GIVEN INFORMATION section start
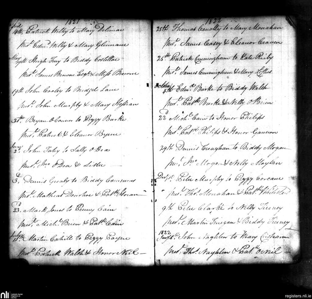 Kilmoylan; County of Galway; Archdiocese of Tuam. Marriages, Apr. 1821 to Jan. 1822
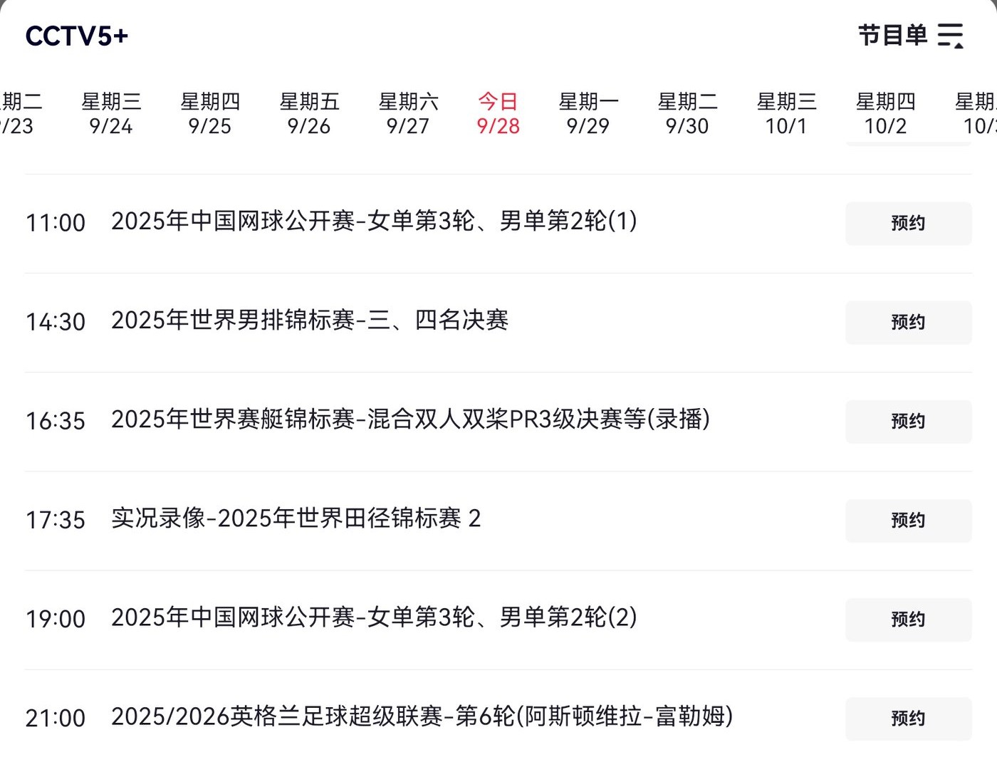 The live broadcast schedule for the China Open on CCTV-5 today (2025.9.28) has been announced, with Zhang Shuai and Xiaobu among the participants.
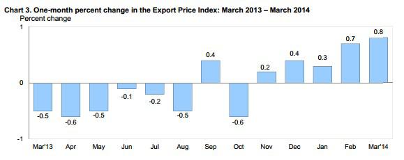 Import and export prices were both up for March, according to a Labor Department report (link opens as PDF) released today.
GIVEN INFORMATION section end
WHAT YOU WILL DO :: Leave out the pictures and repeat the lines from the start of the material through the line with "The live broadcast", inclusive.

REPLY TO THE EXERCISE ::
 Kilmoylan; County of Galway; Archdiocese of Tuam. Marriages, Apr. 1821 to Jan. 1822
 The live broadcast schedule for the China Open on CCTV-5 today (2025.9.28) has been announced, with Zhang Shuai and Xiaobu among the participants.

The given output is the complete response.